“Fugit amor”, l’abbraccio eterno di Rodin nell’arte contemporanea di Anselm Kiefer
di Sveva Di Palma
La bella Galleria Lia Rumma di Napoli, con il suo assolato terrazzo e i suoi colori chiari, fa da contenitore e cornice alla mostra dell’artista tedesco Anselm Kiefer, intitolata “Fugit amor”.
Anselm Kiefer, pittore, scultore e teorico dell’arte, classe 1945, nato a Donauschingen e cresciuto a Friburgo, non è nuovo sul palcoscenico dell’arte contemporanea partenopea.
Il Museo di Capodimonte, ad esempio, ospita opere famose dell’artista. La più emblematica è Mare nostrum, il grande olio su tela realizzato nel 2006, un’inquietante e bruscamente disturbante rappresentazione di un Mediterraneo plumbeo, inospitale, insondabile; non più la culla della civiltà, ma un guado burrascoso e sterile, realizzato con materiali ferrosi e pennellate materiche, grumose, scure, rugginose.
Kiefer miscela le arti ed insieme ad esse i suoi talenti, unendo pittura, scultura e teoria.
L’arte contemporanea è sperimentazione, scelta del brutto tanto quanto del classicamente bello, è una rivoluzione dei canoni estetici e degli strumenti d’approccio di cervello e occhio. Gli elementi prelevati da Kiefer e poi spesi nella concretizzazione in forma tangibile delle opere da egli ideate appartengono ad ogni tipo di materiale esistente, richiamando principalmente l’arte povera. Pezzi di oggetti assemblati in nuovo ordine, con nuovo scopo e parliamo dunque di sacchi, metalli, carte, disegni, tagli nella tela, plastiche, tubi, bottiglie, stoffe; quasi una raccolta indifferenziata di oggetti e/o utilità.

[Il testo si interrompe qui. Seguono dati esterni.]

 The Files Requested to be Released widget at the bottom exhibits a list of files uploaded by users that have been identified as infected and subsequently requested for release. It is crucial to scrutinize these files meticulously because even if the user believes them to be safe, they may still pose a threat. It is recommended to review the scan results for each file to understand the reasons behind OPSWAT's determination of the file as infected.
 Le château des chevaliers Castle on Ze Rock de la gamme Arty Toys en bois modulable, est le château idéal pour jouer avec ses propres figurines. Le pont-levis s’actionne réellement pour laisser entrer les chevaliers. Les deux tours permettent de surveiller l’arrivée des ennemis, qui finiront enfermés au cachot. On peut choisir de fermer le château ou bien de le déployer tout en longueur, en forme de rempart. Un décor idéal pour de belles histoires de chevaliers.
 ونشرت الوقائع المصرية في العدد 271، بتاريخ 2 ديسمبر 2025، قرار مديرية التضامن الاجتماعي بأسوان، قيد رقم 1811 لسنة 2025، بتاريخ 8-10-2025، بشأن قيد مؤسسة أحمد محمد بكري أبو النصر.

In Fugit Amor, il “riutilizzo” e l’“assemblaggio” è riproposto, in multiforme e polivalente fusione con una pittura più normalizzante, calmante. Il punto di partenza è l’omonima scultura dell’artista francese Auguste Rodin, un capolavoro assoluto, un apice irraggiungibile.
Anselm Kiefer crea con l’opera classica, armoniosa, equilibrata, un rapporto di tensione e opposizione, un dialogo d’amore a distanza. L’amore messo in scena dalla mostra, comunicato da opere confezionate e donate allo spettatore in teche di vetro – cubicoli trasparenti che racchiudono e al contempo espongono con vulnerabile semplicità – non è l’amore tormentato tra amanti raffigurato da Rodin, ma un amore per il tutto.

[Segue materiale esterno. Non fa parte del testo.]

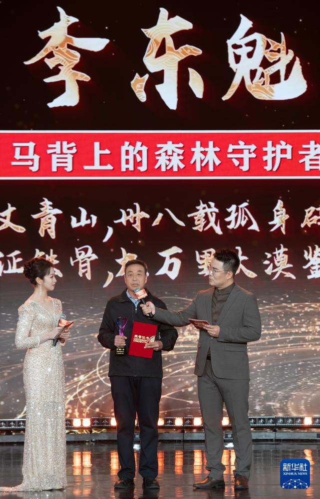 1月28日,由新華社主辦的“中國網(wǎng)事·感動2025”公益盛典暨年度頒獎典禮在北京舉行,活動揭曉“中國網(wǎng)事·感動2025”十大年度網(wǎng)絡(luò)人物。這是“馬背上的森林守護者”李東魁(中)出席頒獎典禮。新華社記者 李安 攝
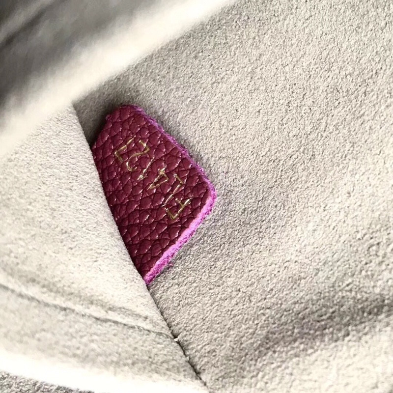 11.6 x 9.4 x 4.7inches(Length x Height x Width)Tourterelle Gray / Crème BeigeEmbossed supple grained cowhide leatherSupple grained cowhide-leather trimMicrofiber lining in NavyGold-color hardwareZip c...
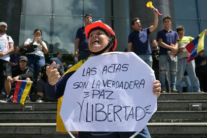 “Venezuela tiene un nuevo presidente y es Edmundo González [...] Si nosotros lo hicimos porque no publicas las actas ellos”, insiste desde lo alto del transporte Machado, que el lunes afirmó que tenían más del 70% de las actas que evidenciarían el la victoria opositora, visibles en una página web que el régimen chavista bloqueó. Testigos de las mesas electorales alcanzan desde adentro del maremoto de gente las actas, que parecen ser un ticket, para evidenciar los votos que ellos mismos resguardaron el domingo electoral.
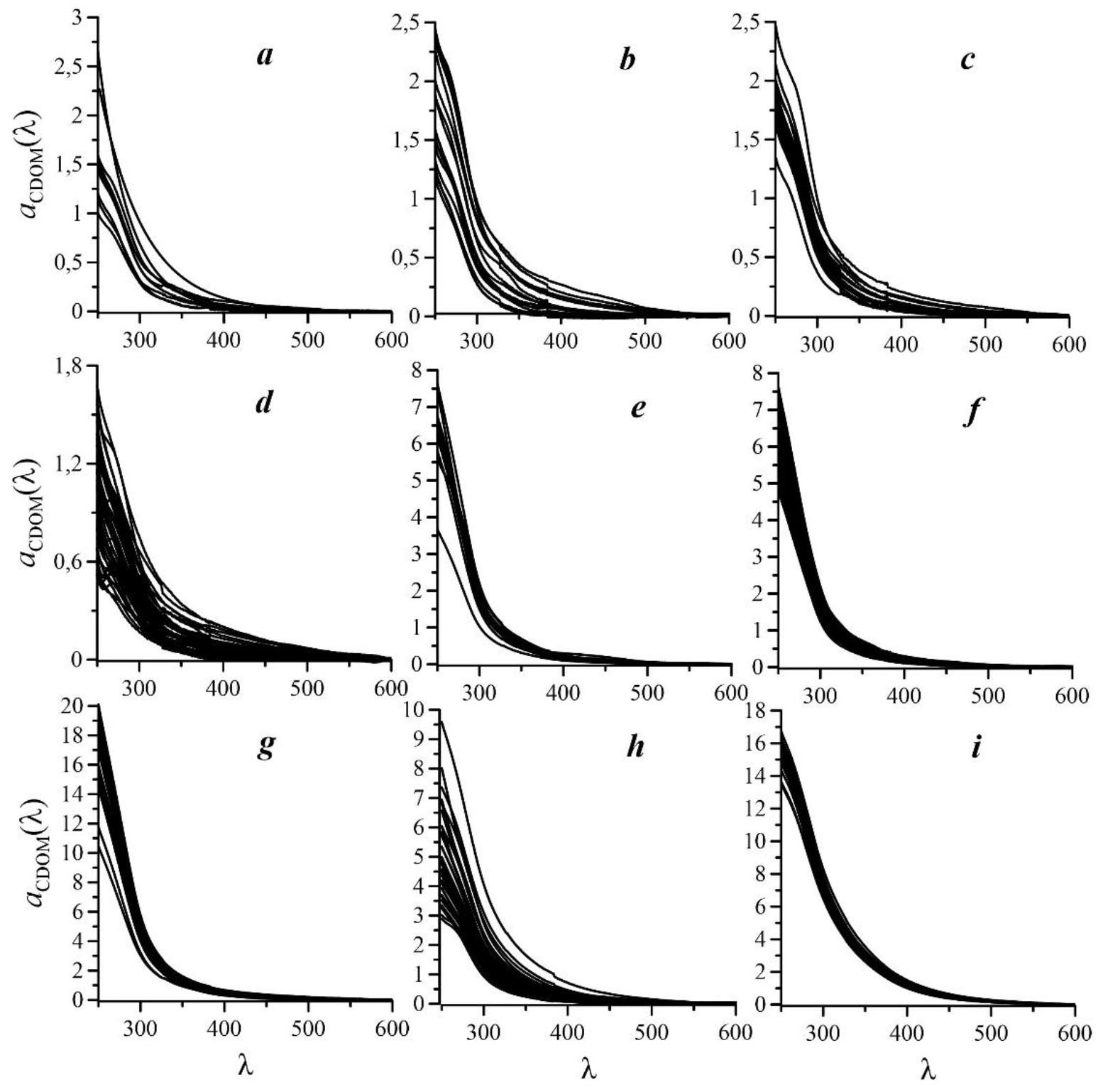 Рис. 4. Спектры показателей поглощения света окрашенным растворенным органическим веществом (aCDOM(λ)) в поверхностном слое вод Северного Ледовитого океана (a), Баренцева моря (b), Норвежского моря (c), Атлантического сектора Южного океана (d), Черного моря зимой (e) и летом (f), Азовского моря (g), озера Байкал (h), Телецкого озера (i)
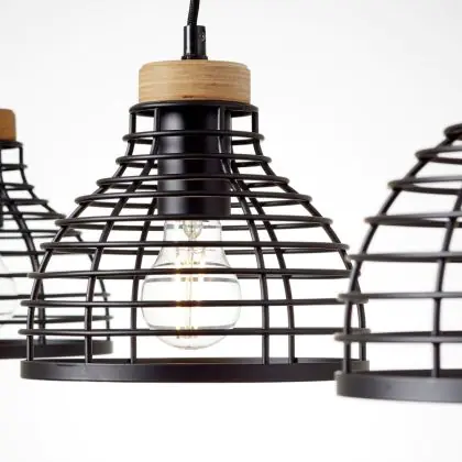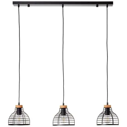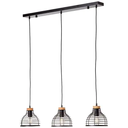 Description Brilliant Avia Suspension Luminaire Métal Bois Noir Bois | Convient pour 3x E27
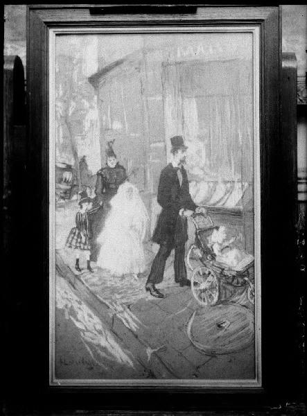 scène (promenade, famille, voiture d'enfant, nourrisson, fillette : costume de communiant, rue, Paris)
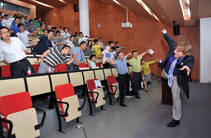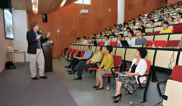On June 10, 2015, Curtis J.Bonk, an internationally renowned expert in the field of emerging learning technologies and Professor at the Department of Instructional Systems Technology at Indiana University accepted an offer to come to SUSTech and give a lecture. Curtis J. Bonk introduced the huge changes happening to educational methods and learning behaviors due to the rapid development of educational technology. University Council Chairman, LI Ming, Vice President WU Chuanyue, HAN Wei, the Deputy Director of the Preparation Office, and hundreds of SUSTech teachers and students were in attendance. The event was hosted by the Vice-President WU Chuanyue.As a pioneer of open learning, Professor Bonk has published more than 300 papers on the topics of online and blended learning, MOOCs, collaborative technology, and synchronous and asynchronous computer conference, and has conducted about 1,400 speeches and forums about online teaching and learning worldwide. Additionally, Curtis J.Bonk has been listed in Who's Who in the area of educational technology, and has received the CyberStar Award from the Indiana Information Technology Association, the Most Outstanding Achievement Award from the U.S. Distance Learning Association, and the Most Innovative Teaching in a Distance Education Program Award from the State of Indiana. The title of the lecture at SUSTech was, "Learning Is Changing: MOOCs, the Open World and Beyond."According to Professor Bonk, in the era of the internet, learning has been completely changed and anyone can learn anywhere at any time from nearly anyone. Open education has driven big changes to learning methods, including: more mobile learning, more frequent use of videos and games, more collaborative learning, more explorations, more direct need of experts, more informality, autonomous learners, more hands-on learning, personalized learning, more dependence on learning communities, universality of online learning, ubiquitous learning, free access, globalization of learning, and the popularization of learning. In the lecture, Professor Bonk also introduced the way to accelerate and support online learning and online teaching based on his own research on open learning.

Un amore eterno, mitico, ancestrale; un amore che abbraccia i mali quotidiani, per i fiori e i petali caduti e riutilizzati, per cerotti, fogli, tronchi morti, aste di ferro, bulloni, assi, lamiere. L’amore per le cose inutili, perdute, inanimate. Un amore per la fatiscenza della modernità, quasi un riferimento alla “poetica del brutto” di ispirazione baudelairiana.
Kiefer immerge questo amore in una narrazione fluida di tempo e spazio, senza incatenarla in un susseguirsi cronologico, senza indagarne la logicità. Tempo e spazio sono trattati come un unico liquido amniotico che nutre e dal quale nascono i miti e i romanzi cavallereschi, l’immondizia e la natura, l’uomo e la sua storia, il bello e l’orrido, la religione e i tubi di scarico, la perfezione formale e la stortura, la morte assieme alla vita. Nulla merita amore più di qualcos’altro, perché in questo liquido tutto coesiste e vive, cambiando la sua forma, mutando, involvendo ed evolvendo senza sosta; tutto resta, tuttavia, amabile e venerabile, perché parte dell’esistente.
Kiefer, da artista poliedrico e uomo d’intelletto, ha immaginato e costruito un lavoro di religiosa solennità, sconvolgente modernità e grande ricchezza esegetica, fornendo al suo pubblico un’occasione di riflessione emozionante e dissestante, dimostrando, ancora una volta, quanto l’arte continui ad essere imperituramente il pungolo del pensiero.